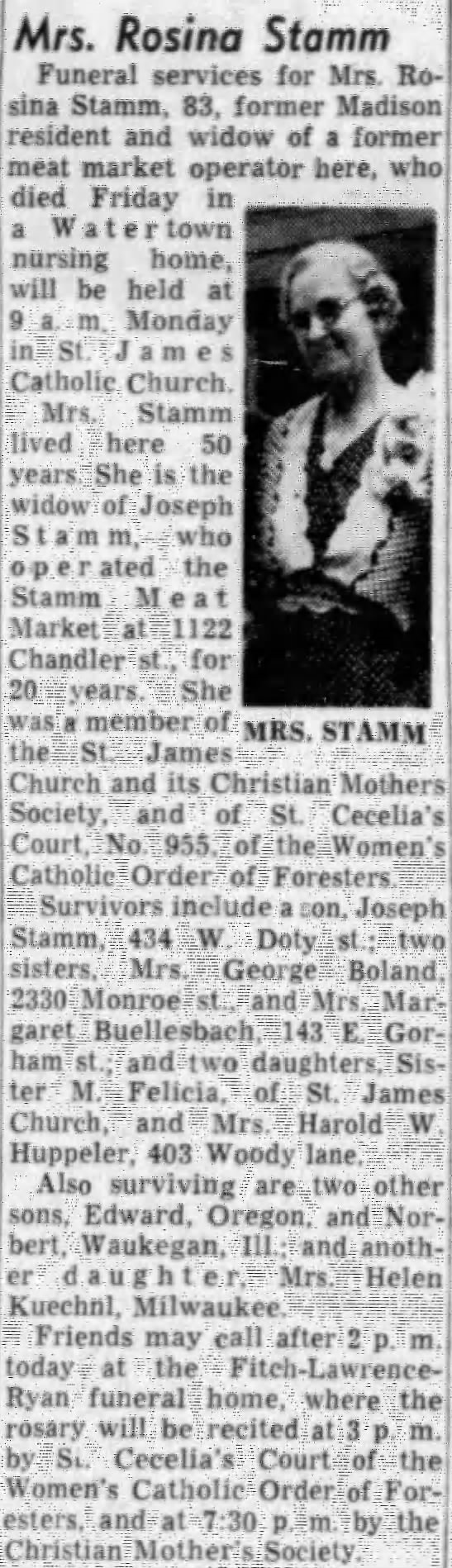 - Joseph Francis Stamm+ b. 9 Mar 1911, d. 10 Mar 1988
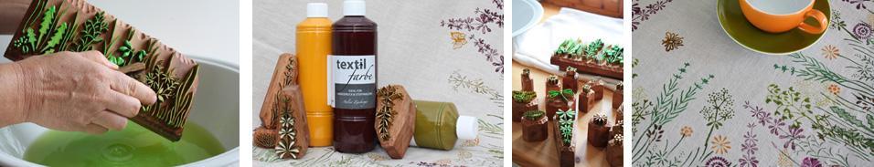 Mit erlesenen handgefertigten Holz-/Messingmodeln werden Motive einer Blumenwiese auf reinem naturfarbenem Leinen gedruckt, mit farbechten Stofffarben. Der handbedruckte Leinenstoff wird von mir zu Tischdecken, Tischläufern und Kissen genäht, jedes Stück ein Unikat.
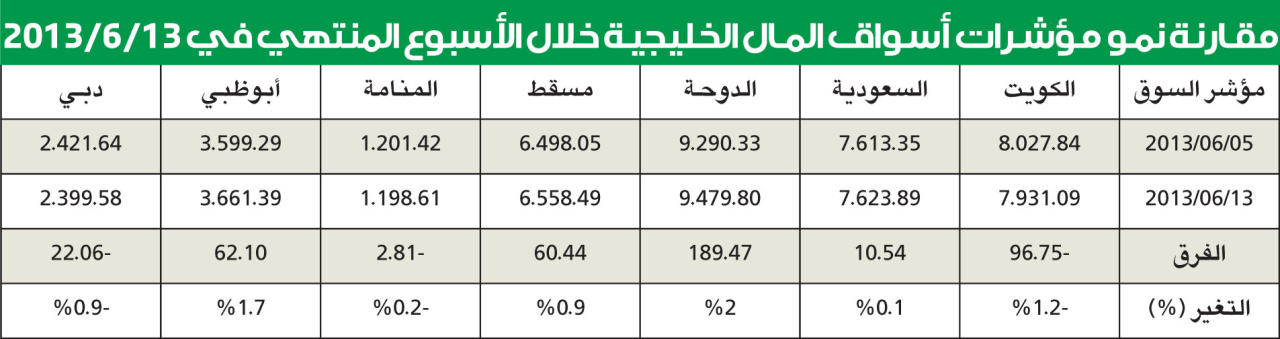 تباين اداء مؤشرات اسواق الخليج كمحصلة اسبوعية للاسبوع الماضي، وبعد سلسلة من التوافق والاداء المتماثل كان الاسبوع الثاني من شهر يونيو فاصلا في استمرار البعض في الارتفاع كسوقي أبوظبي وقطر، واستمرار تراجع السوق الكويتي للاسبوع الثاني على التوالي، ليكمل خسارة 4.5 في المئة خلال يونيو الحالي فقط، بعد ان اقفل على خسارة 1.2 في المئة الاسبوع الماضي، وتراجع كذلك سوقا دبي والمنامة، بينما ربح "مسقط" و"السعودي" مكاسب بنحو 1 في المئة للاول ومحدودة في مؤشر "تاسي" السعودي.ترقية مستحقةوسعت الجهات المختصة في قطر والامارات الى ترقية سوقي المنامة وابوظبي في مؤشر (MSCI) من سوقين مبتدئين الى ناشئين، وكان لها ذلك بعد ان تم رفضهما خلال الاعوام الثلاثة الماضية، بسبب شح سيولتهما ونقص بعض المتطلبات الخاصة بالترقية، والتي اهمها رفع نسبة تملك الاجانب وتطبيق الحكومة والشفافية.ورغم ان هذين السوقين ليسا الاكبر او الاقدم بين الاسواق الخليجية، لكنهما يملكان الرغبة والجدية في رفع مستوياتهما، بتذليل كل العقبات وتطبيق شروط "مورغان ستانلي" لترقيتهما الى مرتبة اسواق ناشئة، ما سيعطي لهما اهمية كأدوات استثمار عالمية خلال الفترة المقبلة.وبفضل قرار الترقية استطاع السوقان ان ينهيا اسبوعهما على مكاسب خضراء هي الافضل خليجيا، حيث ربح سوق الدوحة 2 في المئة، مواصلا اقفالاته القياسية بالغا مستوى 9479.8 نقطة رابحا 189.47 نقطة جلها خلال جلسة الاربعاء بعد صدور القرار مباشرة.وعزز كذلك مؤشر سوق ابوظبي من مكاسبه السنوية، بعد ان اضاف اليها 1.7 في المئة، والتي تعادل 62.1 نقطة، ليصل الى مستوى 3661.39 نقطة، وهو كذلك مستوى قياسي لمؤشر الامارة الخليجية الغنية بالنفط، والتي يسجل مؤشرها تذبذبا محدودا منذ بداية العام وباتجاه صاعد دون تراجعات او انزلاقات واضحة.تراجع «دبي» و«السعودي»وعلى الطرف الآخر، انقذ قرار الترقية سوق دبي من خسارة كبيرة بعد مكاسبه خلال جلسة الاربعاء، والتي استعاد خلالها خسائر كبيرة حققها في اولى جلسات الاسبوع، لينهي اسبوعه على خسائر محدودة لم تتجاوز 0.9 في المئة فقط، اي 22.06 نقطة، ويبقى قريبا جدا من مستوى 2400 نقطة، لا يفصله عنه الا اقل من نصف نقطة فقط.ونجا السوق السعودي من تراجع محتمل بعد اقفاله عصر الاربعاء وبفترة كافية قبل افتتاح الاسواق الاميركية ثم الآسيوية، والتي حققت خسائر كبيرة، حيث كانت ايجابية بفارق ايام العمل بين السعودي والاسواق العالمية، والذي لا يلتقي معها الا في ثلاث جلسات فقط, ولحسن الحظ كذلك فإن الاسواق استطاعت ان تستعيد جزءا كبيرا من خسائرها خلال جلسة الخميس، وبالتالي انتفى اثر تراجعاتها على مؤشر "تاسي"، والذي سجل مكاسب محدودة خلال الاسبوع الماضي وبنسبة عشر نقطة مئوية فقط، اي 10.54 نقاط ليبلغ مستوى 7623.89 نقطة.مكاسب في مسقط وتراجع المنامةواستطاع مؤشر سوق مسقط ان يستمر في ادائه الايجابي، ويربح 0.9 في المئة، بعد ان انهى اسبوعه على مستوى 6558.5 نقطة، مضيفا 60.44 نقطة، مستمرا في اتجاهه الصاعد وبأداء متوازن نسبيا اذا قورن بأداء اسواق الخليج الكبرى مستفيدا من نمو اقتصادي جيد في سلطنة عمان.ولم يستطع سوق المنامة الصمود فوق مستوى 1200 نقطة، الذي اجتازه نهاية الاسبوع الاول من هذا الشهر، وخسره بعد ان انهى اسبوعه الماضي على خسارة 2.81 نقطة، اي ان عشري النقطة المئوية كانت كفيلة بكسره للمستوى المذكور، واستقراره عند مستوى 1198.61 نقطة، متأثرا بتراجع اسعار بعض اسهم قطاع البنوك وشركات الاستثمار رغم محدودية سيولتها.«الكويتي» واللون الأحمرولازم اللون الاحمر مؤشرات سوق الكويت للاوراق المالية، للاسبوع الثاني على التوالي، حيث خسر المؤشر السعري 1.2 في المئة خلال الاسبوع الماضي، لتصل خسائر اول اسبوعين من شهر يونيو 4.5 في المئة، ويقفل على مستوى 7931.09 نقطة، حاذفا 96.75 نقطة خلال الاسبوع الماضي.وسجل المؤشران الوزنيان خسائر اكبر، كانت 2.3 في المئة للمؤشر الوزني، ليقفل على مستوى 458.09 نقطة، مطيحا بنحو 10.73 نقاط من قيمته، وكانت الخسائر الاك
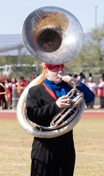 Next up, our one and only color guard senior, Savanna Horning. Savanna is a rookie color guard member, though she was in percussion in the marching band the year prior. This year marks Savanna’s 7th year in concert band, toying around with every percussion instrument. One thing she can credit color guard for is helping her stay in tempo through learning dance while counting and listening to the music. Even though she has been in concert band a lot longer, Savanna has gotten a lot of help through listening to the rhythm of music. Savanna also plays club soccer, is in NHS, Humanity United, and is on Sahuaro’s Soccer team.
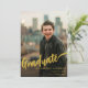 Comemore a faculdade, universidade ou segundo grau do seu filho com este cartão de anúncio de na moda e de fotografia de formando preto. Com a caligrafia moderna do roteiro dourado e o modelo de fotografia do formando, este design capta o entusiasmo de novos começos e comemorações alegres. Personalize-o com uma foto apreciada do seu formando usando o modelo de foto fácil de usar e realce os detalhes do evento na impressionante tipografia. Desenvolvido pela artista Catherine Sweetman, este convite único combina lindamente estilo com a emoção da conquista do seu filho, fazer a maneira ideal de juntar entes queridos e marcar este marco especial.
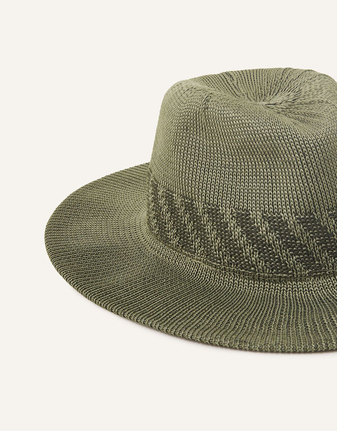 Tightly woven, this flexible fedora can be softly squashed down to pack easily into your tote bag. Finished with a dipped crown, wide brim and striped weave band. Green
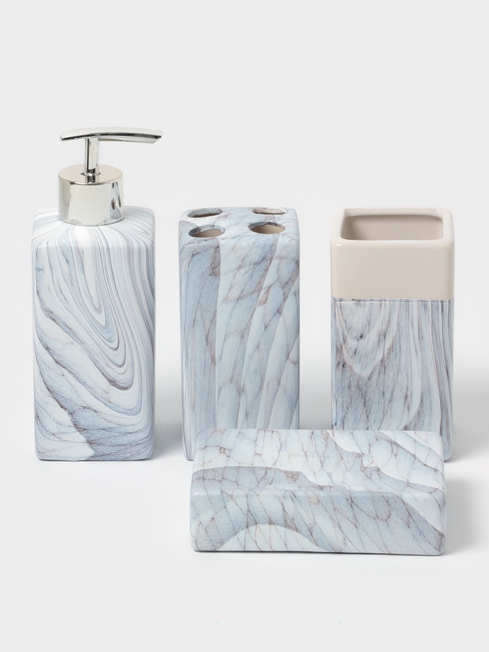 Набор аксессуаров организует пространство и станет стильным украшением Вашей ванной комнаты. За счет сдержанного дизайна данный керамический набор в ванную подойдет к любому дизайну ванной комнаты. Набор состоит из 4 предметов: 2 стакана, мыльница, дозатор.
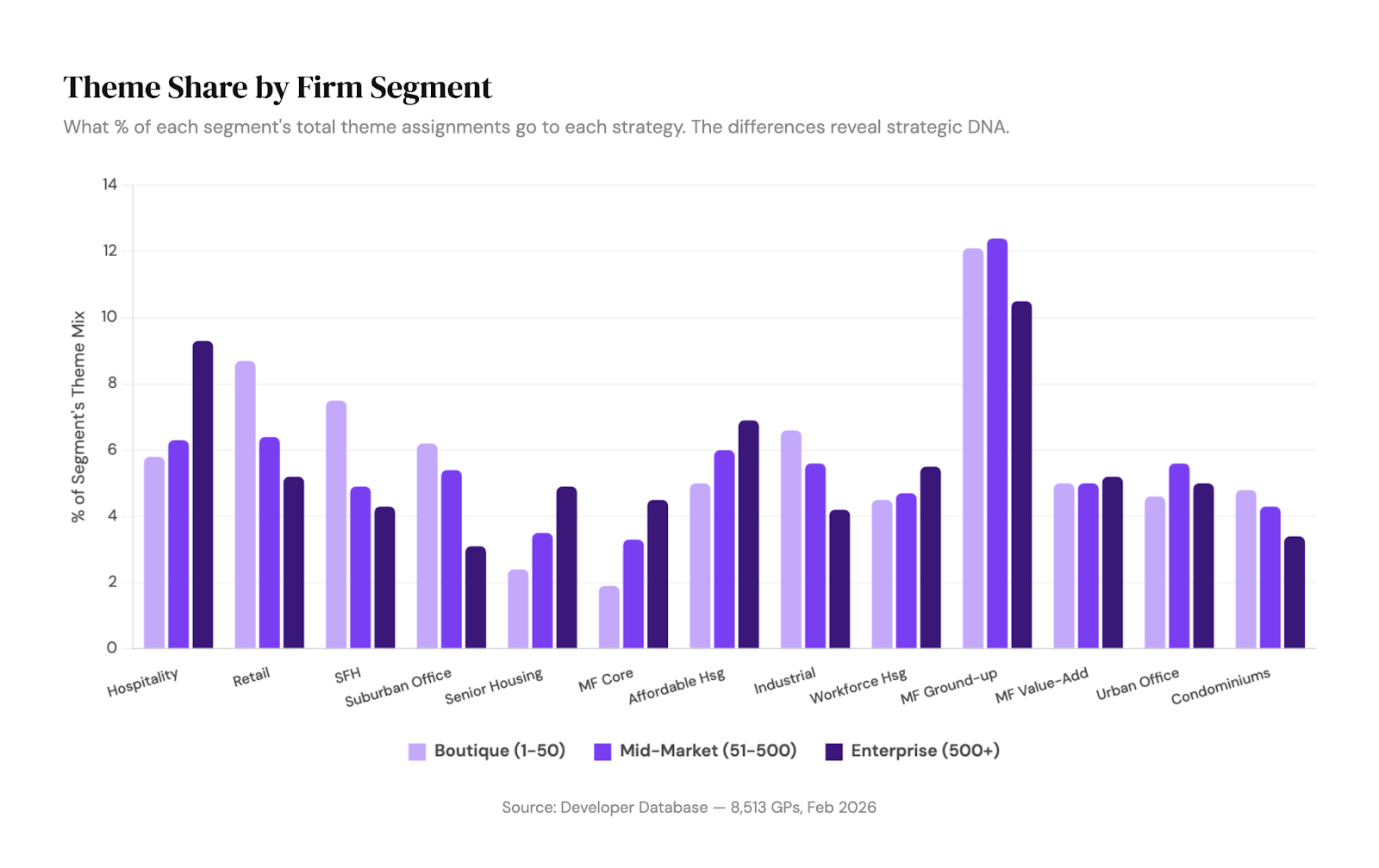 Ground-up multifamily is the great equalizer: 12.1% of boutique firms, 12.4% of mid-market, and 10.5% of enterprise. Building apartments is universal.
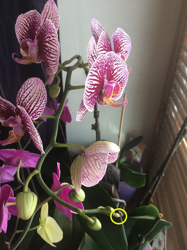 Jen odbočím, že když si koupím nějaké Phalaenopsis, které zrovna kvetou, odpadávání koncových poupat (většinou 1-3) je většinou normální a jsem s tím smířen, neboť to je určitě způsobeno změnou prostředí, šokem z převozu během dopravců a poté ze samotného obchodu, takže rostlina raději ty malinká poupata o rozměrech hrášku vždy shodí, což je samozřejmé.

AIM OF THE EXERCISE — Only the lines from the one with "Набор аксессуаров организует" through the last line above belong in the answer. Reproduce them exactly, without the pictures.

RESPONSE AREA —
 Набор аксессуаров организует пространство и станет стильным украшением Вашей ванной комнаты. За счет сдержанного дизайна данный керамический набор в ванную подойдет к любому дизайну ванной комнаты. Набор состоит из 4 предметов: 2 стакана, мыльница, дозатор.
 Ground-up multifamily is the great equalizer: 12.1% of boutique firms, 12.4% of mid-market, and 10.5% of enterprise. Building apartments is universal.
 Jen odbočím, že když si koupím nějaké Phalaenopsis, které zrovna kvetou, odpadávání koncových poupat (většinou 1-3) je většinou normální a jsem s tím smířen, neboť to je určitě způsobeno změnou prostředí, šokem z převozu během dopravců a poté ze samotného obchodu, takže rostlina raději ty malinká poupata o rozměrech hrášku vždy shodí, což je samozřejmé.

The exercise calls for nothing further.